In this section of the series Data Analytics in Python, we will go through Pivot Tables in Pandas which is a handy technique for exploring data from different dimensions and extracting insights from Data. Pivoting is one of the main techniques used in Business Intelligence Solutions and Data Science for slicing and Dicing the data.
Lets consider initial sales data of the 5 Regions for the years 2016, 2017 and 2018.

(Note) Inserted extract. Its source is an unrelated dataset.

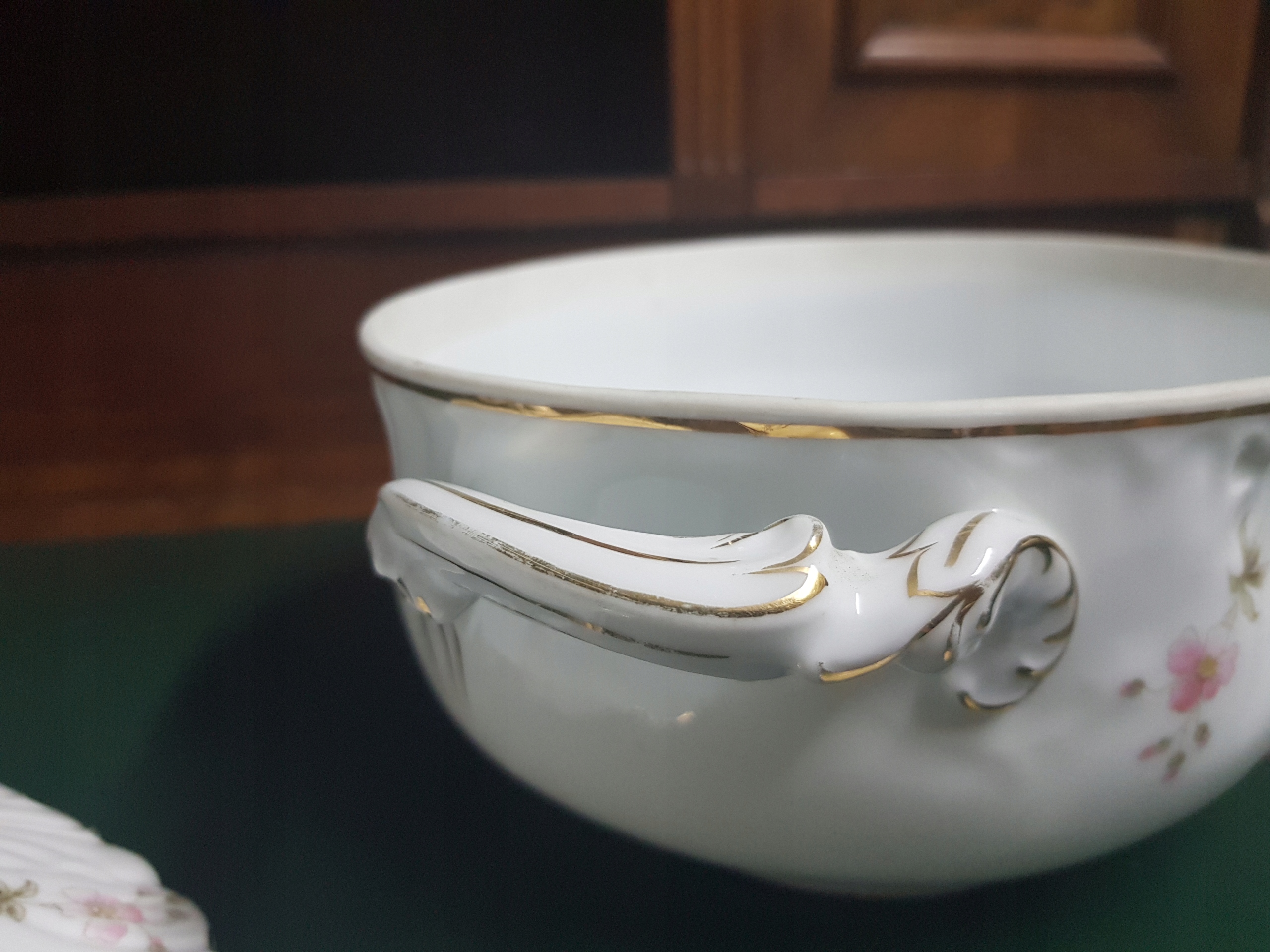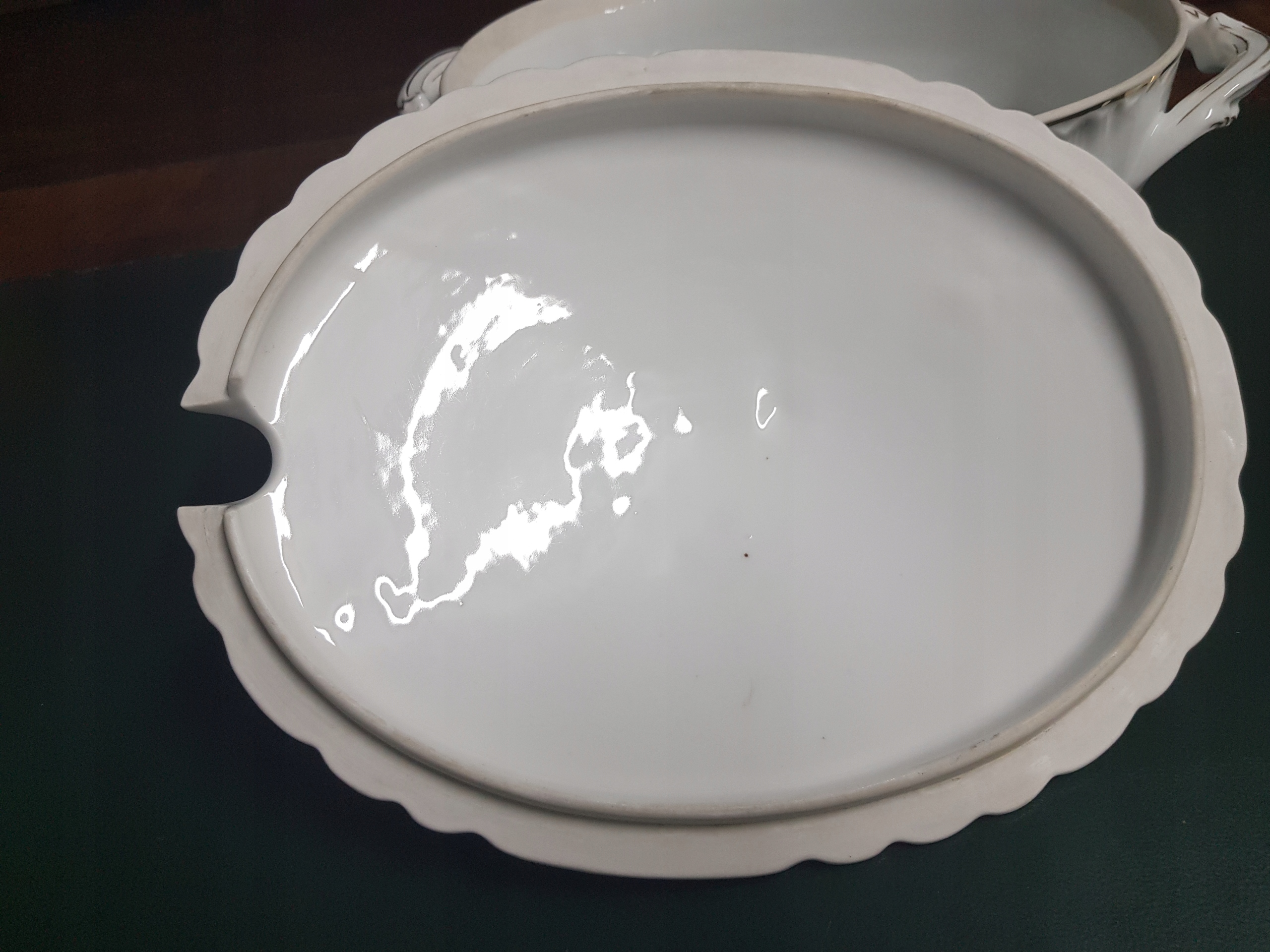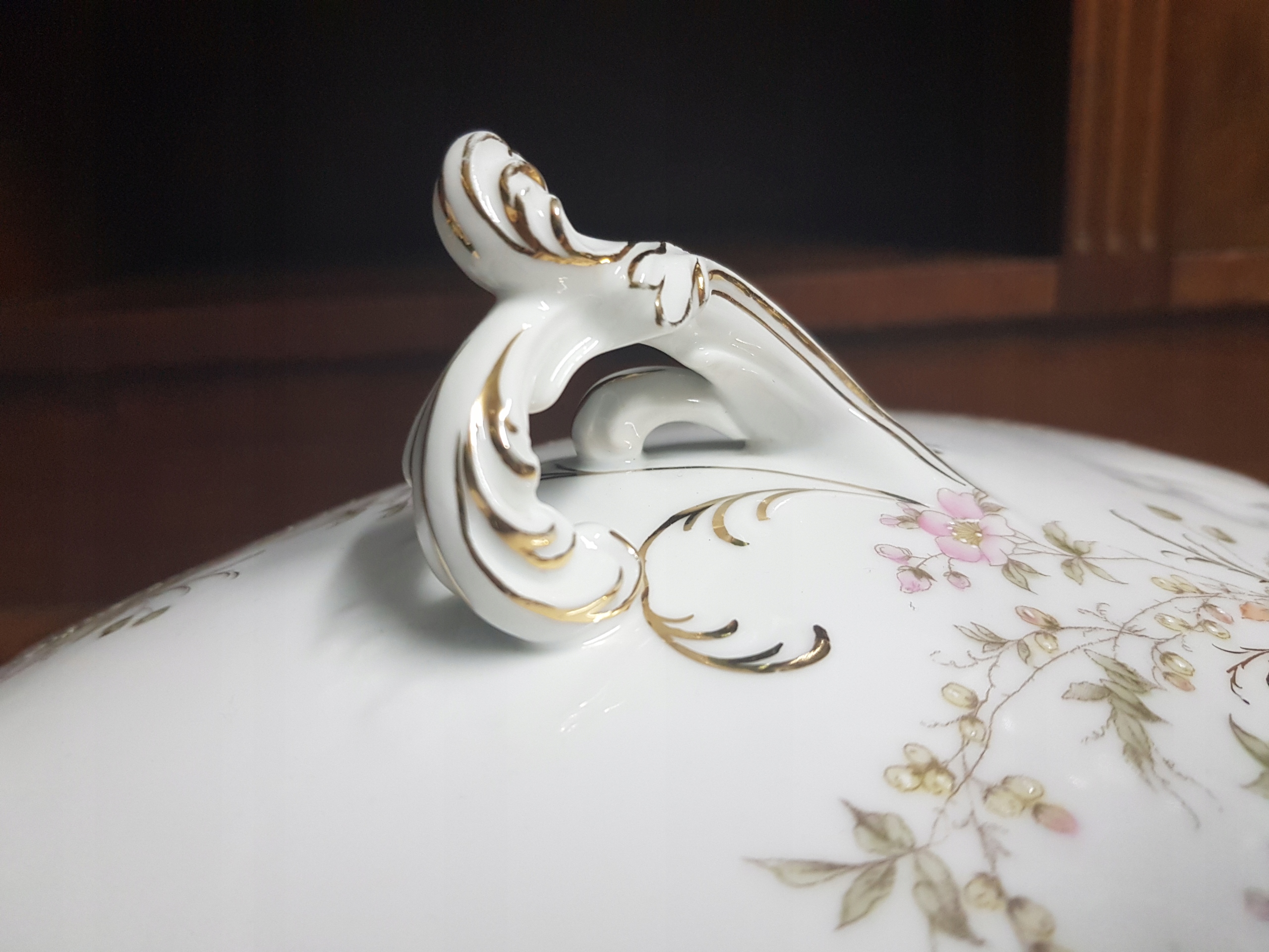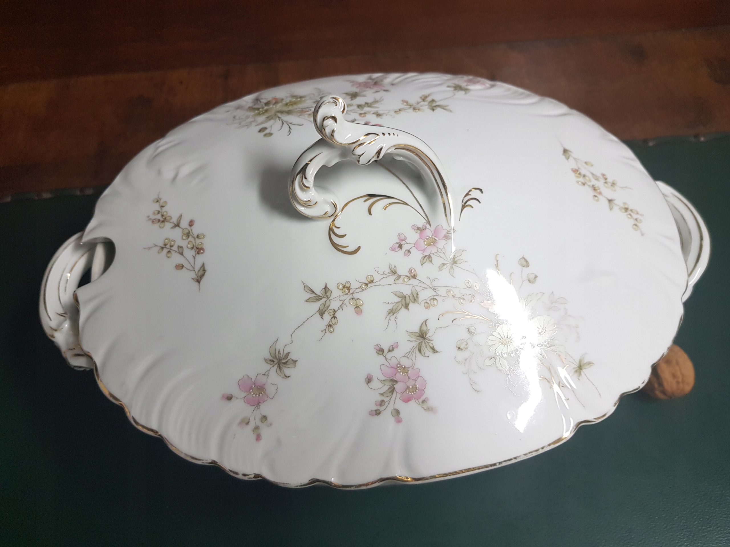 Предмет аукциона – ваза для супа в стиле модерн, украшенная растительным мотивом. Тиснение по позолоте по краю крышки.

| Year | Central | East | North | South | West |
| 2016 | 300 | 150 | 500 | 325 | 200 |
| 2017 | 200 | 300 | 450 | 300 | 200 |
| 2018 | 250 | 225 | 150 | 375 | 150 |
Table 1: Initial Sales Data Table
Now consider that a report is needed to be generated where the Data Values of Years is to be shown as columns and generate a summary of each year accordingly something as follows:
| Year | 2016 | 2017 | 2018 |
| Central | 300 | 200 | 250 |
| East | 150 | 300 | 225 |
| North | 500 | 450 | 150 |
| South | 325 | 300 | 375 |
| West | 200 | 200 | 150 |
Table 2: Preview of the Desired Result
For generating the required output illustrated above, we will need to Pivot our data. Let’s dive in Python and first make a Pandas’ DataFrame out of the initial data presented in Table 1:
import pandas as pd
df = pd.DataFrame({'Year': ['2016','2017','2018'],
'North' : [500, 450, 150],
'East' : [150, 300, 225],
'South': [325, 300, 375],
'West': [200, 200, 150],
'Central':[300, 200, 250],})
>>> df
Central East North South West Year
0 300 150 500 325 200 2016
1 200 300 450 300 200 2017
2 250 225 150 375 150 2018
To generate the required output illustrated in Table 2, we will use Pandas DataFrame’s pivot_table:
>>> df.pivot_table(columns='Year')
Year 2016 2017 2018
Central 300 200 250
East 150 300 225
North 500 450 150
South 325 300 375
West 200 200 150
A more readable output of the above function is as follows:
| Year | 2016 | 2017 | 2018 |
| Central | 300 | 200 | 250 |
| East | 150 | 300 | 225 |
| North | 500 | 450 | 150 |
| South | 325 | 300 | 375 |
| West | 200 | 200 | 150 |
Table 3: Desired Result Generated with Pandas Pivot Table
In this way, we can change the dimensions of our data and generate different insights out of it.